PURPOSE: Obesity and its consequences, such as diabetes, are global health issues that burden about 171 × 10(6) adult individuals worldwide. Fat mass index (FMI, kg/m(2)), fat-free mass index (FFMI, kg/m(2)), and percent fat mass may be useful to evaluate under- and overnutrition and muscle development in a clinical or research environment. This proof-of-concept study tested whether frontal whole-body silhouettes could be used to accurately measure body composition parameters using active shape modeling (ASM) techniques.
METHODS: Binary shape images (silhouettes) were generated from the skin outline of dual-energy x-ray absorptiometry (DXA) whole-body scans of 200 healthy children of ages from 6 to 16 yr. The silhouette shape variation from the average was described using an ASM, which computed principal components for unique modes of shape. Predictive models were derived from the modes for FMI, FFMI, and percent fat using stepwise linear regression. The models were compared to simple models using demographics alone [age, sex, height, weight, and body mass index z-scores (BMIZ)].

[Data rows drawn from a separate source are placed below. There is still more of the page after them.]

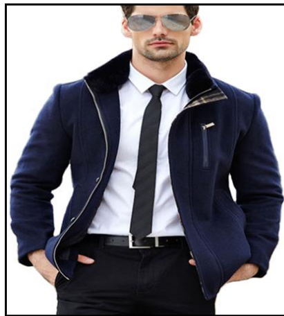
La imagen es referencial Ítem requiere ficha técnica y certificado de pruebas
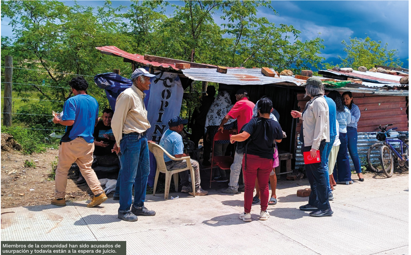
Miembros de la comunidad han sido acusados de usurpación y todavía están a la espera de juicio.

su situación. Sus integrantes carecen de acceso a servicios básicos, sin comida suficiente, se lavan en un río cercano, compran agua potable a vendedores que pasan o recogen agua de lluvia para su subsistencia.
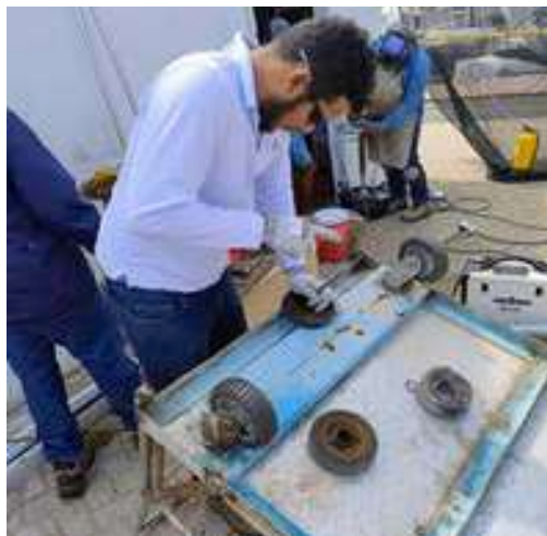
Mantenimiento de carretillas. Cambio en ruedas y pintura
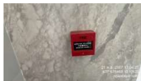
รูปที่ 10 ระบบป้องกันอัคคีภัย
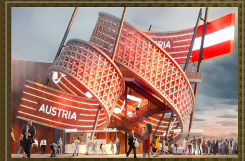
大阪万博：オーストリアパビリオン
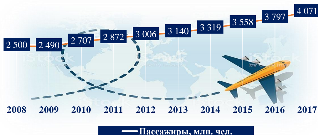
Рисунок 1. Динамика объёма коммерческих воздушных перевозок в мире за 2008 – 2017 гг.(регулярные перевозки)

человек: в 2008 году данный показатель составил 2 500 млн. человек, а в 2017 году число перевезённых пассажиров увеличилось в 1,6 раза и достигло отметки в 4 071 млн. человек.
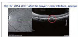
ஜெபத்திற்கு பின்பு : நாளங்களுக்கு இடையே தெளிவான நிலை
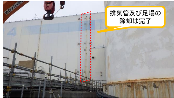
(写真 2 - 2) 今回の状況 (令和 4 年 2 月 10 日撮影)
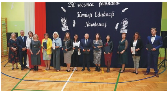
Szkoła Podstawowa im. księdza Antoniego Tyszki w Janowie
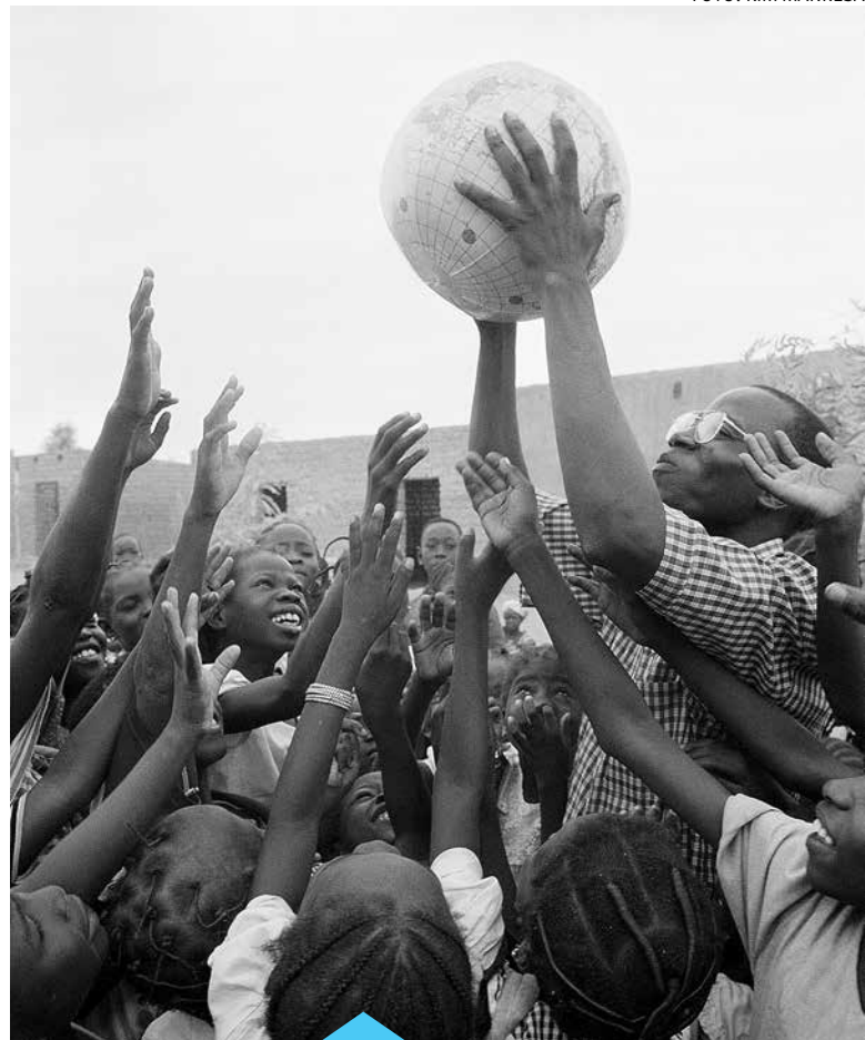
Imatge que es pot veure a l'exposició
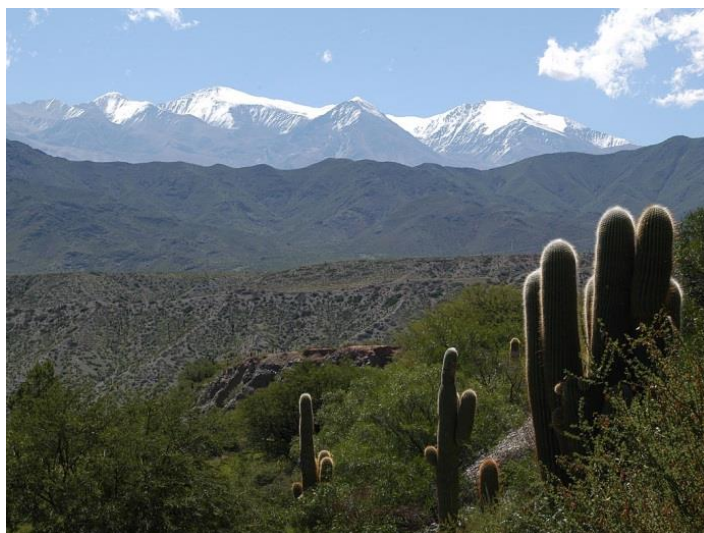
Parque Nacional Cardones, het park van de zuilcactussen

Enmaal op de Ruta 33 verandert het landschap in kalere bergen met rodegesteentes en cactussen. U rijdt via een slingerweg omhoog naar het plateau Cuesta del Obispo. Het uitzicht vanaf de top is werkelijk fenomenaal. U vervolgt uw weg door het Los Cardones Nationaal Park. Het landschap verandert weer. Het groen van zojuist heeft plaatsgemaakt voor een steenachtige omgeving met het besneeuwde Andesgebergte op de achtergrond.
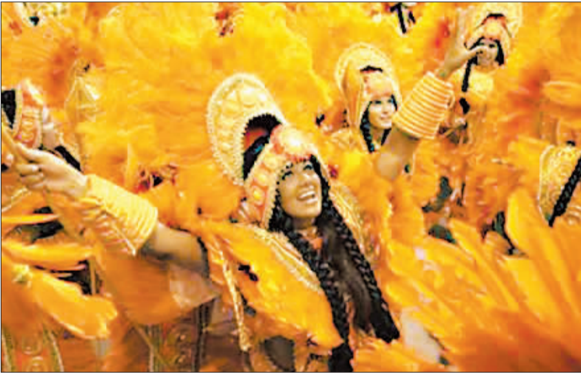
里约狂欢节24日落下了帷幕。尽管金融危机蔓延全球,但今年的里约狂欢节仍吸引了世界各地71.9万游客。图为落幕之夜,各种肤色的人们在街头身着彩装,载歌载舞,将里约热内卢变成欢乐的海洋。

新华社华盛顿2月25日电 美国国务院25日正式向美国国会提交了《2008年国际人权报告》。像往年一样,这份报告以道听途说的报道甚至谣言为依据,以人权问题为借口,对包括中国在内的许多国家进行毫无根据的指責,粗暴干涉他国内政。 这份报告中的涉华部分不顾中国人权取得的历史性进步,继续歪曲事实,无端攻击中国人权状况,对中国民族、宗教和司法制度等说三道四。 除了中国之外,该报告还对俄罗斯、巴基斯坦、朝鲜、古巴、伊朗、索马里、津巴布韦等许多国家的人权状况评头论足。 自1977年以来,美国国务院几乎每年都发表关于其他国家的所谓人权报告,借此干涉别国内政。 中国外交部副部长杨洁篪21日在北京与到访的美国国务卿希拉里·克林顿会谈后曾表示,虽然中美在“人权问题”上存在分歧,中方愿意在相互尊重、互不干涉内政前提下,与美方就人权问题展开积极对话,共同推动人权状况的发展。

RESULTS: The authors found that 95% of the shape variation of the sampled population could be explained using 26 modes. In most cases, the body composition variables could be predicted similarly between demographics-only and shape-only models. However, the combination of shape with demographics improved all estimates of boys and girls compared to the demographics-only model. The best prediction models for FMI, FFMI, and percent fat agreed with the actual measures with R(2) adj. (the coefficient of determination adjusted for the number of parameters used in the model equation) values of 0.86, 0.95, and 0.75 for boys and 0.90, 0.89, and 0.69 for girls, respectively.
CONCLUSIONS: Whole-body silhouettes in children may be useful to derive estimates of body composition including FMI, FFMI, and percent fat. These results support the feasibility of measuring body composition variables from simple cameras such as those found in cell phones.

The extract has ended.